── Available data ──

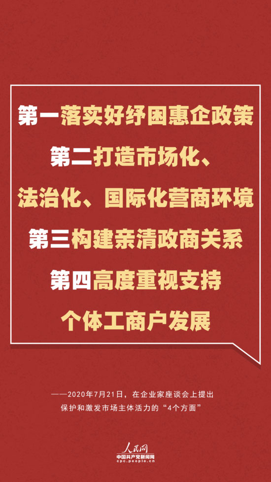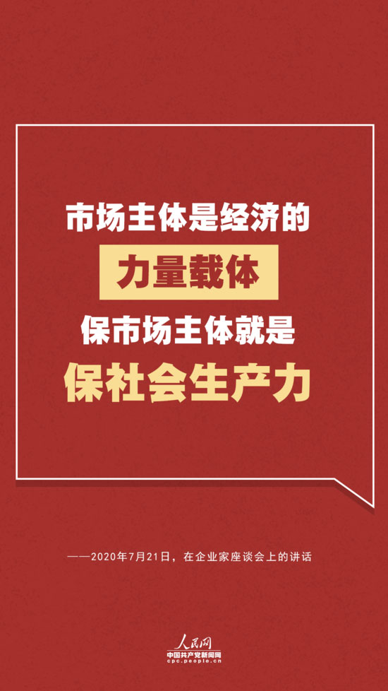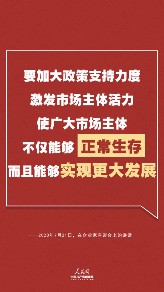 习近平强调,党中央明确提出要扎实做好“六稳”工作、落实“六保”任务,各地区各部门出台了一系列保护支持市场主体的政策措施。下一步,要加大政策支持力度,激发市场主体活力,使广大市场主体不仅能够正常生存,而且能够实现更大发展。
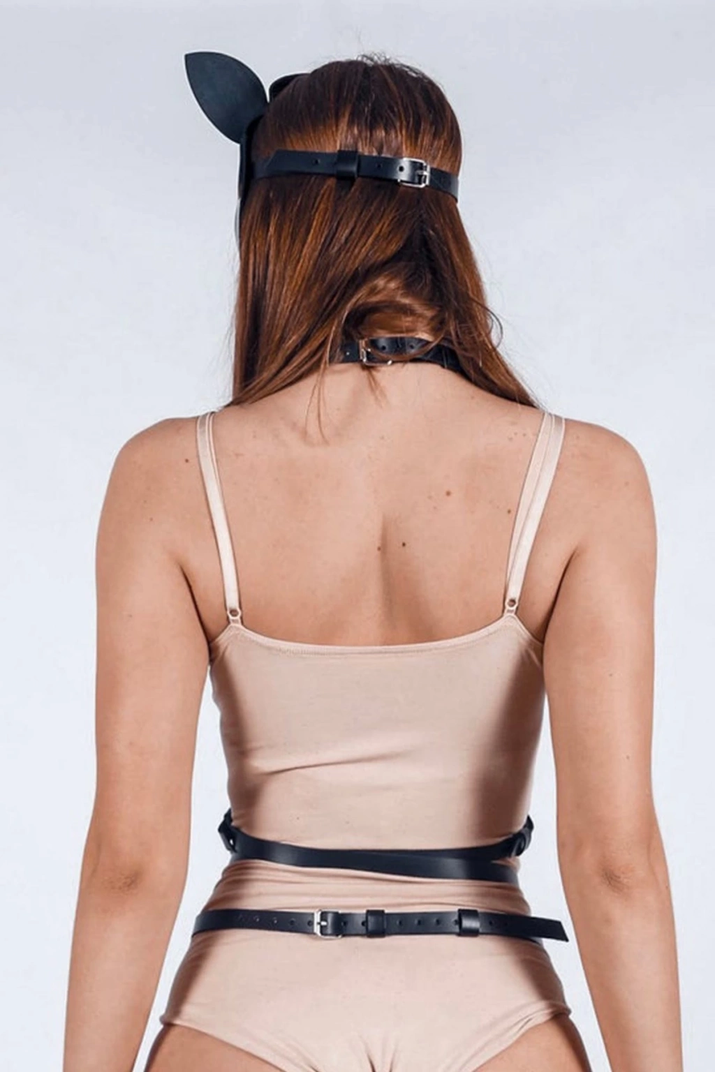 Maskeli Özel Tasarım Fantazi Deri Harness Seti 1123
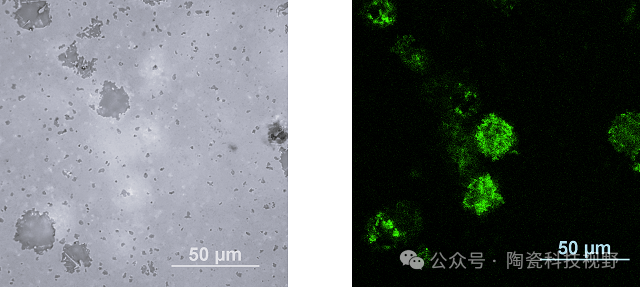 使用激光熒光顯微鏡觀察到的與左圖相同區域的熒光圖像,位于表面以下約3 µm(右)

───

- **Description of the task**: Copy out all the data without changing anything, and drop the pictures.

- **Result**:
 习近平强调,党中央明确提出要扎实做好“六稳”工作、落实“六保”任务,各地区各部门出台了一系列保护支持市场主体的政策措施。下一步,要加大政策支持力度,激发市场主体活力,使广大市场主体不仅能够正常生存,而且能够实现更大发展。
 Maskeli Özel Tasarım Fantazi Deri Harness Seti 1123
 使用激光熒光顯微鏡觀察到的與左圖相同區域的熒光圖像,位于表面以下約3 µm(右)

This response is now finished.